I believe you can love your home just the way it is, AND have the power to design and make big changes to make it better.
I'm also the author of DIY Wardrobe Makeovers!

How to install basic open kitchen shelves (over tile a tile backsplash wall!)

We tore out the upper cabinets along the window wall of our kitchen in favor of a dramatic vent hood and open shelving. I like the look, the cabinets weren't that attractive (even if we had painted them like we did the rest), and they would let us show off our tile wall!

I did a little research on how to install shelves on a wall of tile (various results--you can put the hardware under the tile for floating shelves, even) but mostly just charged ahead with the plan and decided to figure it out later.

So the time finally came the other week, and we had to buy brackets, shelving, and tools for installing into our tile wall! It ended up working out fabulously and I'm here to share our steps with you!

How to install open kitchen shelves over tile

You will need:

  • 10" deep board (we did three 30" out of an 8' long piece of pine that was about $15)
  • Power sander and sandpaper
  • Butcher block oil or conditioner
  • 8" deep brackets (like these or these)
  • Long black screws (we had a hard time finding black ones so ended up using 2.5" exterior screws)
  • Short black screws (we bought two packages of bracket screw packs that come with long screws we didn't use)
  • Diamond-tipped drill bit, 5/16" for regular size 8 or 9 screws (we used this one)
  • Basic tools--masking tape, pen, measuring tape, level
  • Only if you don't know where the studs are: drywall anchors


1. Cut the boards to length. We used a chop saw but had to cut one side, rotate 180 degrees, and very carefully line it up to cut the other side. We did need to sand the cut edges to even them out. 

2. Oil the shelves the way you would a butcher block cutting board or counter. We wanted to go with a natural wood look so didn't want to stain the shelves, but the oil or conditioner keeps them from drying out and makes them easier to clean.

3. Measure bracket placement. (NOTE: Before installing the tile we had measured and noted the stud location, so we knew we would drill into the studs with our brackets.

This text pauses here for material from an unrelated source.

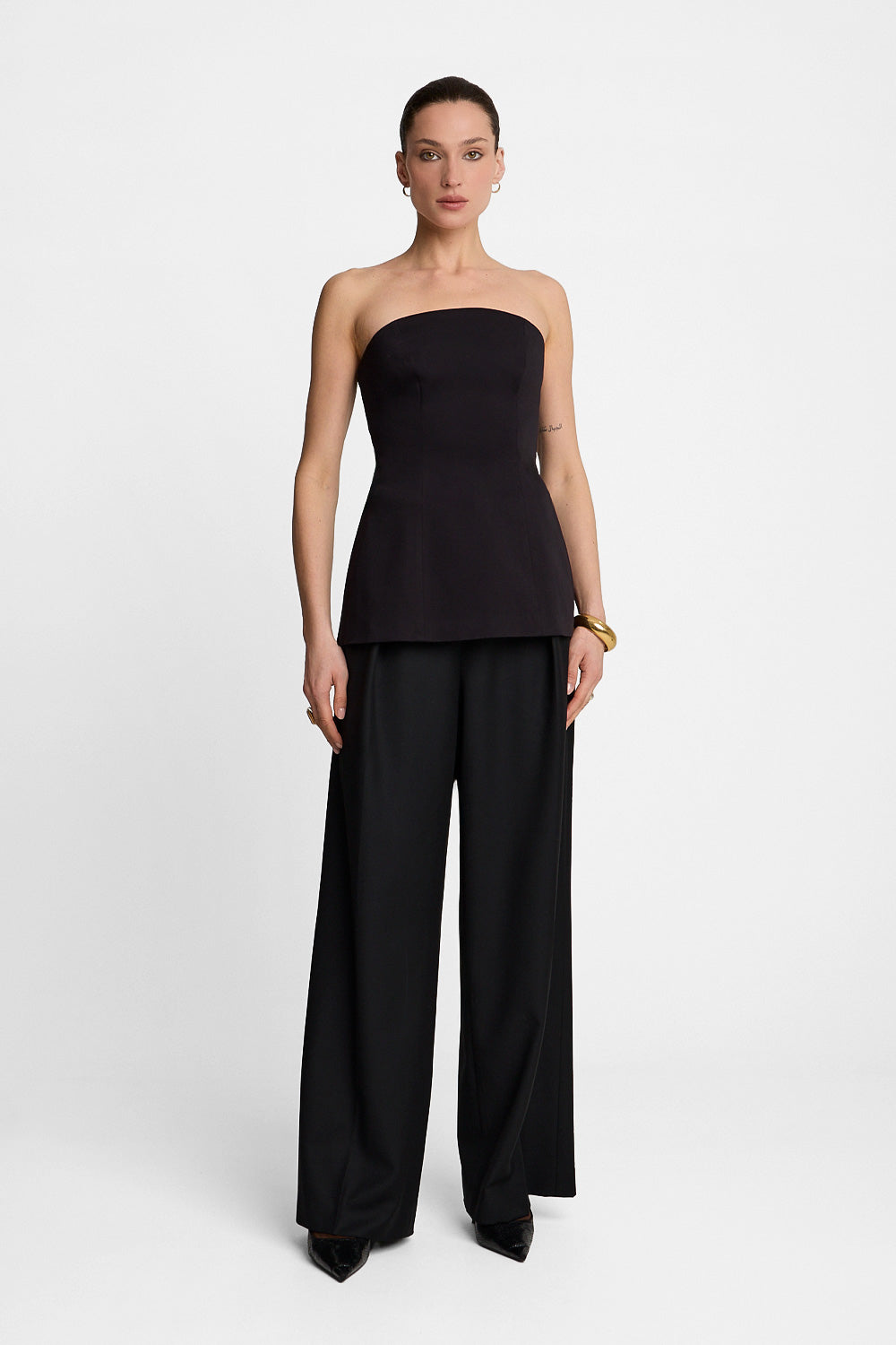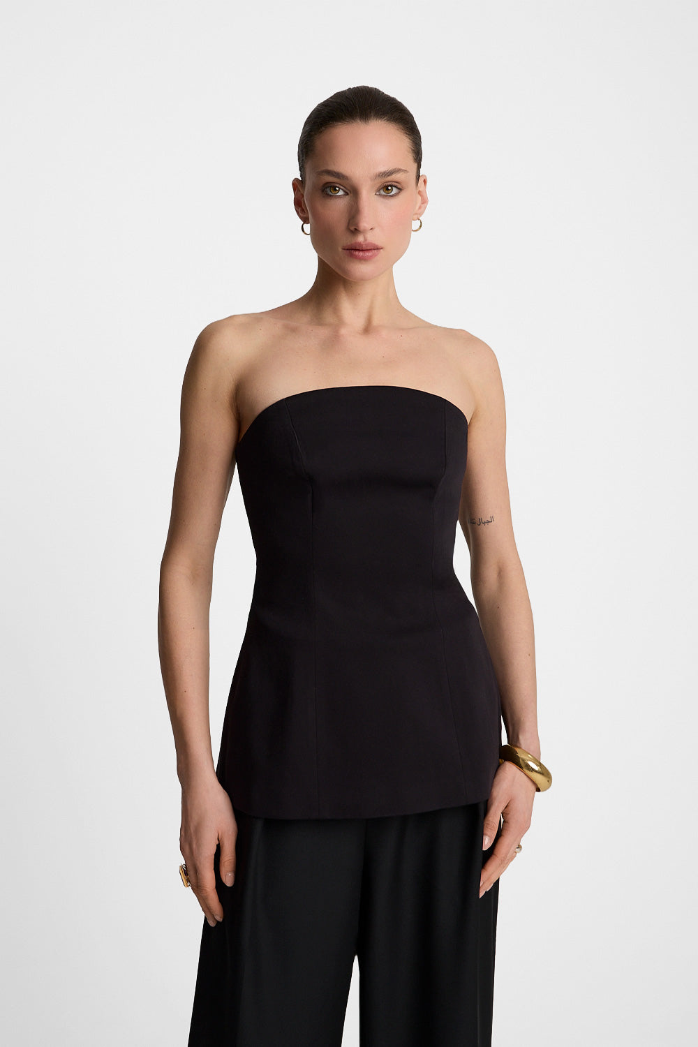 Top został wykonany z lekko elastycznego, wysokiej jakości materiału, który dobrze pracuje w ruchu i elegancko układa się na ciele. To projekt polskiej marki, szyty w Polsce z dbałością o detale, konstrukcję i trwałość. Doskonale sprawdzi się w bardzo eleganckich stylizacjach — zestawiony z szerokimi spodniami, spódnicą czy marynarką — ale także jako mocny element wieczorowego outfitu.

Mark locations, but cover with Xs of masking tape to protect the rest of the tile from cracking or scratches from the drill bit.

4. Drill top bracket holes on ONE side only. To drill through tile, start the diamond drill bit at an angle until you make an indentation. Then right the drill and drill straight through.

We did three shelves; at this first step only drill the top bracket holes of all one side of the shelves.

5. Dry fit shelves on all three brackets. Put a shelf on each bracket, hold another bracket under the other side, and using a level, check placement of other side holes. We definitely adjusted them a little.

6. Drill other side top holes.

7. Mark bottom holes. Put a shelf on each set of brackets and use a level on the top of the shelf and each bracket to make sure they're straight up and down. Put tape under each approximate bracket hole and mark on top of the tape.

8. Drill bottom holes.

9. Mark hole placement on shelves. They will all be slightly different, so keep the top, middle, and bottom shelves straight.

10. Carefully drill about 1/4" deep pilot holes into shelves on your marks.

11. Screw in small screws to anchor shelves in place. 

That's it for the construction part! Now's the harder/artistic part--styling them!! I think that will be an evolving process for us but for starters it is SO nice to have commonly used dishes right above the dishwasher (instead of on the counter on the opposite side of the kitchen where they were for months before we did the tiling and shelves). Hoorah!